The nearer to capacity, so greater weight on wishes in determining best interests. ‘The nearer to the borderline the particular adult, even if she falls on the wrong side of the line, the more weight must in principle be attached to her wishes and feelings, because the greater distress, the humiliation and indeed it may even be the anger she is likely to feel the better she is able to appreciate that others are taking on her behalf decisions which vitally affect her – matters, it may be, as here [a personal, sexual relationship], of an intensely private and personal nature’ (Local Authority X v MM).

The person making the decision ultimately has to decide about the best interests, after applying the above test. It may not be plain sailing. For instance, consulting with relatives may bring about anything but a consensus:

Family pressure. A complaint to the local ombudsman concerned a woman with dementia and a family dispute amongst her three children. Unhappy with the care their mother was receiving at a home within the Doncaster area, the brother and one sister suggested their mother move down to a residential home in the south-west of England. The second sister objected, but the council agreed to fund the placement.
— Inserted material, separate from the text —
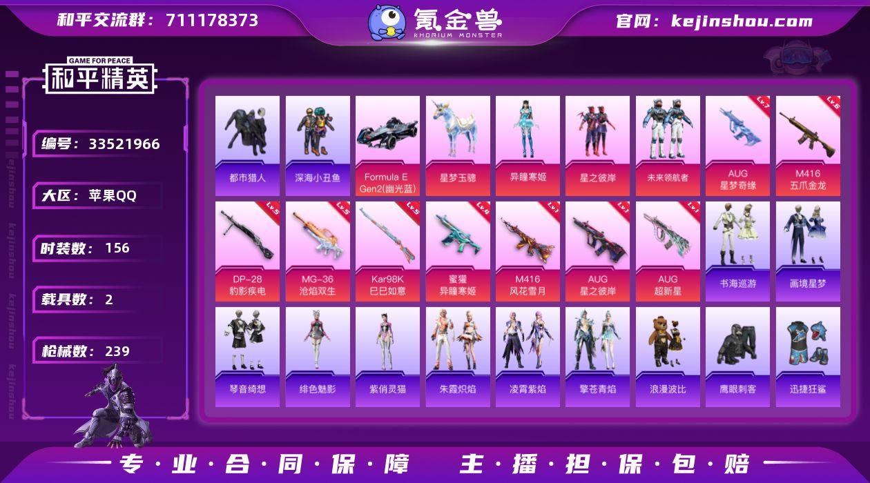苹果 手Q-1神装-3粉装-15特效枪-2载具-4粉色飞行器-75711热力值-7王牌印记-156套装-239枪皮 【红色神装等级】:百变纱华-安妮(二级) 【红色角色神装】:百变纱华-安妮 【热门品类】:套装-浪漫天命,套装-都市猎人,套装-深海小丑鱼,套装-小丑鱼,套装-忍者信条,套装-龟仙人,套装-暗影哥特,套装-浪漫波比,套装-粉红小猪,角色-Mark.06 【粉色套装】:粉装-星之彼岸,粉装-未来领航者,角色-异瞳寒姬 【粉色枪皮等级】:M416-五爪金龙(六级),M416-风花雪月(一级),AUG-星之彼岸(一级),AUG-超新星(一级),AUG-星梦奇缘(七级),蜜獾-异瞳寒姬(四级),AKS-74U-森灵之息(五级),Kar98K-巳巳如意(五级),Mk14-福马献瑞(五级),AA12-G-萌骑幻想(二级),DP-28-豹影疾电(五级),MG-36-沧焰双生(五级),信号枪-金乌曜日(一级),燃烧瓶-薄荷可可(六级) 【粉色载具】:Formula E Gen2(幽光蓝),星梦玉骢 【粉色枪皮】:M416-五爪金龙,M416-风花雪月,AUG-星之彼岸,AUG-超新星,AUG-星梦奇缘,蜜獾-异瞳寒姬,ACE32-百变纱华,AKS-74U-森灵之息,Kar98K-巳巳如意,Mk14-福马献瑞,AA12-G-萌骑幻想,DP-28-豹影疾电,MG-36-沧焰双生,信号枪-金乌曜日,燃烧瓶-薄荷可可 【粉色飞...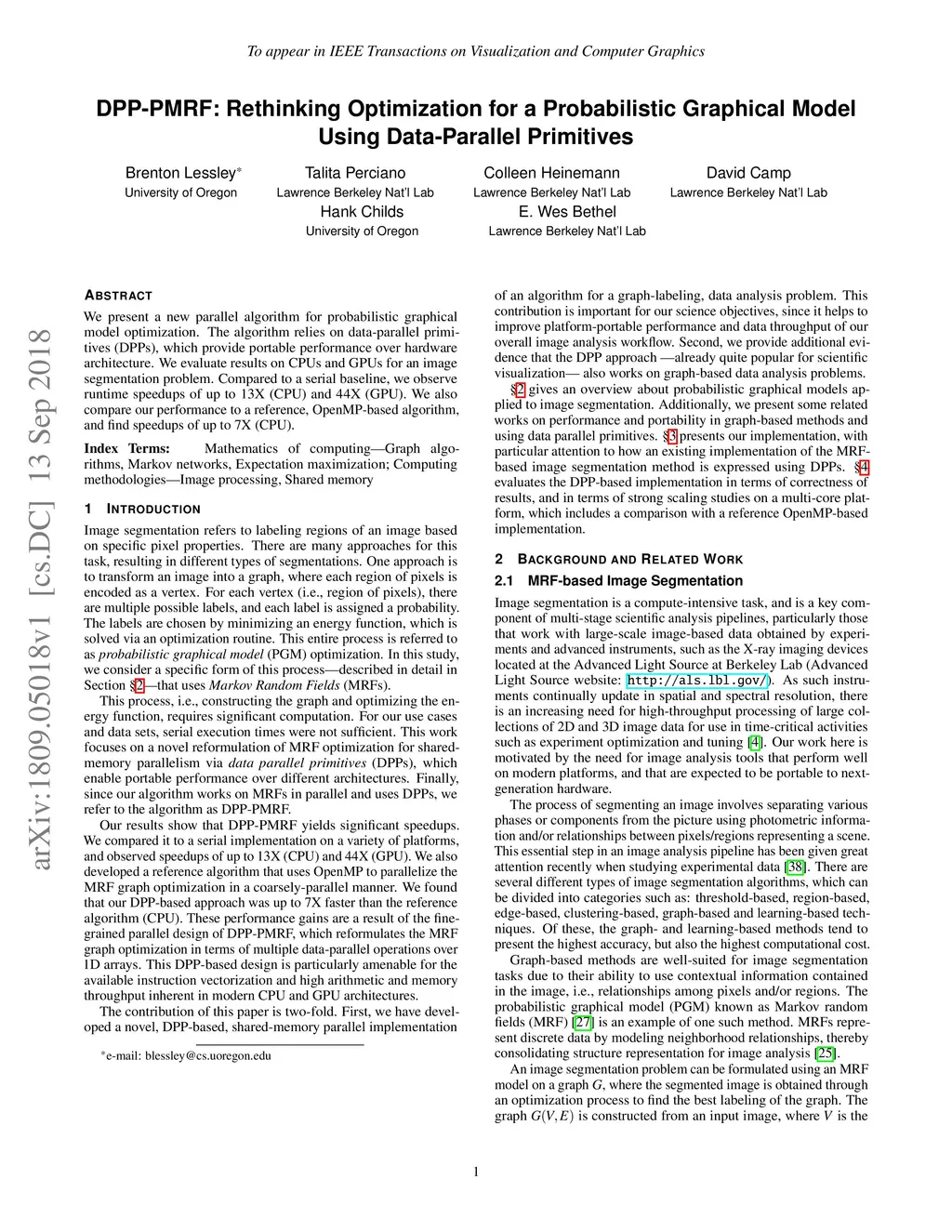 We present a new parallel algorithm for probabilistic graphical model optimization. The algorithm relies on data-parallel primitives (DPPs), which provide portable performance over hardware architecture. We evaluate results on CPUs and GPUs for an image segmentation problem. Compared to a serial baseline, we observe runtime speedups of up to 13X (CPU) and 44X (GPU). We also compare our performance to a reference, OpenMP-based algorithm, and find speedups of up to 7X (CPU).

The following year, the second sister contacted the council and alleged that the first sister was not visiting frequently and that her mother was unhappy. The council agreed to arrange for the mother’s return to a council-owned home in Doncaster. It was maladministration to take this decision without the reassessment which was ‘clearly desirable and mandated by the Council’s own policy’ – and without at least some attempt at verifying the sister’s claims. The second sister collected her mother from the home in the south-west without explaining her intention of removing her permanently, but the council did not inform the brother and first sister. This was maladministration also (Doncaster MBC 1997).

Although it is the decision-maker who has to decide about best interests, nonetheless those best interests are not confined to issues within the expertise of that decision-maker. For instance, a decision about a medical intervention would encompass not just medical but also emotional and all other welfare issues. Furthermore, deciding about a person’s best interests is not just about identifying a range of acceptable options, but instead is about identifying the ‘best’, a superlative term. This does not therefore equate with the common law duty of care owed by professionals, which is at least to adopt a reasonable course of action, but not necessarily the best (SL v SL). The courts have also made clear that the best interests in issue are those of the person lacking capacity – even if, for example, the decision in question affects the life or death of a close family member (Re Y (Adult Patient) (Transplant: Bone Marrow)).

Over a number of years, the courts have been increasingly called on to make important welfare decisions about best interests – for example, about whether a person should receive medical intervention (e.g. sterilisation of a woman with learning disabilities for non- therapeutic reasons), where people with learning disabilities should live (Newham LBC v BS), whether they had capacity to marry or have sexual relations (Sheffield CC v E), or whether elderly people with dementia should remain at home cared for by a spouse or be admitted to hospital or care home (B Borough Council v Mrs S).